Naan issue

Published July 10, 2020
The writer is Dawn’s resident editor in Lahore.
The writer is Dawn’s resident editor in Lahore.

THE current leaders of the various naanbai associations in Pakistan have displayed an unprecedented determination in holding off the official negotiators comprising the deputy commissioners and other government officers otherwise known to ensure the state’s writ in everyday affairs. Or this is the message the hungry masses get from the reports about ‘unsuccessful’ talks between roti and naan makers and the official side that has been trying to keep prices of the favourite staple within reasonable limits.

It has been going on for perhaps a year now? Maybe more if memory serves one right. The price has been on the rise and in accordance with the old formula, the roti has been stealthily shedding its extra pounds. The latest stand-off between the naanbais and their detractors who are equally adamant to deny them their rightful succour can be traced back to the beginning of the year.

This is a tough one to fathom. It is a jumble of threats and promises: threats mostly by the bakers but sometimes by the officials trying to almost coerce these proud tandoor craftsmen with shiny bright foreheads into selling at government rates. Promises, mostly by officials to a public forever ready to queue up at the tandoors for their daily fill of pateeris, khameeris, naans and what not, but sometimes by the naanbais, too, who say they are eager to sell and serve.

Various rates and weights and varieties and qualities have been thrown into the mix in the last six or seven months of apparently intense negotiations. Various regional and geographical angles have come in, such as the one where KP is blaming poor old Punjab for scuttling the supply of flour.

While so much else around the tandoor has changed, some topics of discussion are eternally the same.

There have been stories upon stories about mismanagement and unavoidable situations spiking the prices of wheat and making all these requests and warnings by the government to naanbais look unreasonable. Even when it is to be kept in mind that tandoori rotis have become quite a burden on domestic budgets.

In any case, the issues must be insurmountable for these talks between naanbai associations and the government have been inconclusive so far. Not to forget the wheat scandal which was thrown in somewhere in the middle to complicate things at such a basic unit signifying life in the city — and perhaps villages — in Pakistan.

The debate at the tandoor is unending and it is a tribute to our consistent taste that while so much else around the oven has changed, some topics of discussion are eternally the same. For starters, there’s one buyer who is always in a hurry because he has guests waiting at home, another who is mission-bound to dash back to his kitchen before his curry gets cold and his mum loses her temper.

And yes, the size of the roti and the designs of those who fix prices are an inevitable topic of heated exchange every now and then. At least this is how it has been often at our tandoor or tanoor which, like so many other shops in the same business here in Lahore, is occupied by polite Kashmiris from AJK. They feed us for a few months before they are replaced by a fresh team from home.

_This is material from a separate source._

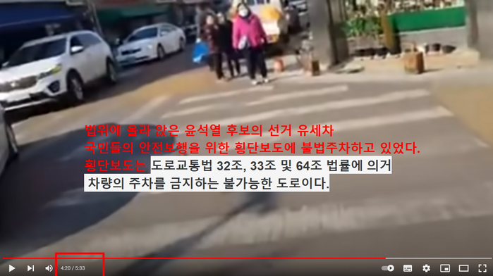 | ▲ 횡단 보도위에 선거유세차량 |

They, like other outsiders to the city, are happily allowed the occupation because manning a tandoor for long hours the whole year through is not something you would readily recommend to your dear ones. It takes patience, and often requires some of the staff to live on the premises, if you can use the term ‘live’ to cover the few wee hours the tandoor is closed for during the night.

It is as if they are always there, with a T-shirt or a vest on taking the heat day in and day out. It is a jail-like routine they have to follow, until they have paid their penance with a smile on their faces and are good for a few weeks’ reprieve in their cooler homeland.

I, for one, have not been able to spot them in these marathon dialogues by their associations. On evidence the naanbais’ associations — of which the country seems to have many— are solely there to talk prices of roti and gas with the government. They are hardly a trade union worth the ‘association’ tag. Worse, they are in partnership with those who exploit emigrants to sustain urban life.

The visible does not matter too much when the folklore created over time has cast such great spells on people so fond of get-rich stories. The legend goes that these tandoor families, meaning the contractors who manage these tandoors with the help and services of close relatives, mint millions and are supposed to live prosperous lives back home.

In popular wisdom, those running tandoors are considered well-off, with a guaranteed source of income throughout the year. All curious attempts at finding out the secret to their fortunes are responded to with the same final statement that is fuel for idle ambition: ‘Such a big profit margin with so little investment. You cannot imagine.’

And you cannot imagine the tandoor near your home running cold on a hot July afternoon just because the government couldn’t reconcile to the old theory of fundamentals. The basic theory is that the conditions must be created to make sure that the most basic sustenance item — bread — is available to the people at reasonable, in fact, cheap, prices.

The people will buy. They will buy the pateeri roti made of a coarser brand of wheat flour at Rs10 or Rs8 just as they would buy the khameeri roti that is ideally supposed to be made of fine atta raised with yeast or varieties of naan which have maida as their base.

Down at the tandoor, the changes will show as they always have before making an impact anywhere else. A few loyal old-school connoisseurs will be exposed before a battery of knowing, familiar faces for making the abrupt switchover from the elitist and increasingly elusive khameeri to an ever-shrinking pateeri one can simply not live without.

The writer is Dawn’s resident editor in Lahore.